Structures from the successful quench simulation showing the order of HI-HII contacts. Arg30-Glu19 was present in the starting structure. Leu34-Leu16 formed at 0.5 ns, followed by Glu37-Arg15 at 4.8 ns, and Leu34-Arg15 at 13.9 ns. Finally, Leu38-Gln12 formed at 102 ns. The crystal structure and the best structure from the quench simulation are also shown for comparison. The color version of the figure can be viewed online.

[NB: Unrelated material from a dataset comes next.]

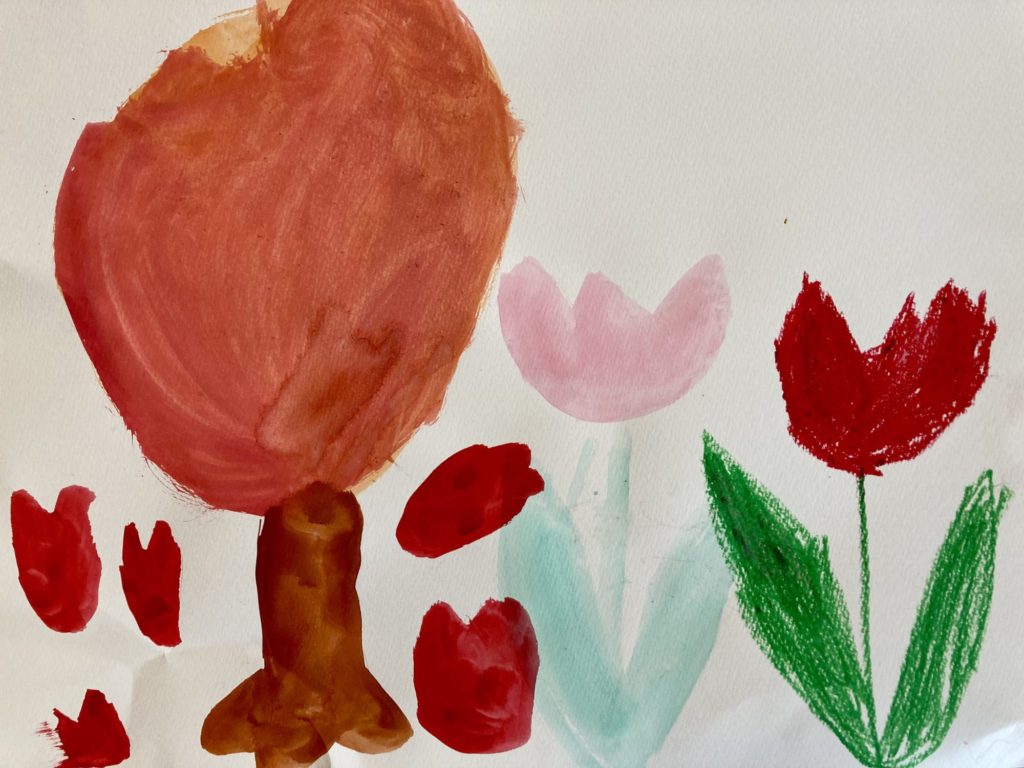 真ん中の色違いのチューリップゆうた先生も気に入ってます✨優しい色合いで癒されます!

The formation of these contacts and helices is apparent in the structures of EnHD over the time course of the quenched refolding simulation (Fig. 4 and Fig. S4). HI and HII snapped together in the first 2 ns of the simulation. Around 100 ns, the N-terminus of HI developed α-helix and the final HI-HII contact formed. For the next 20 ns, HIII reoriented on the HI-HII scaffold. EnHD passed through the TS at 122 ns with HIII docking in the native orientation. At 232.260 ns, EnHD achieved its lowest mean distance to reference of 0.15 and a core Cα RMSD of 2.30 Å. After the unfolding TS at 394 ns, HIII continued reorienting over the HI-HII scaffold, and HI and HII came apart at ∼570 ns.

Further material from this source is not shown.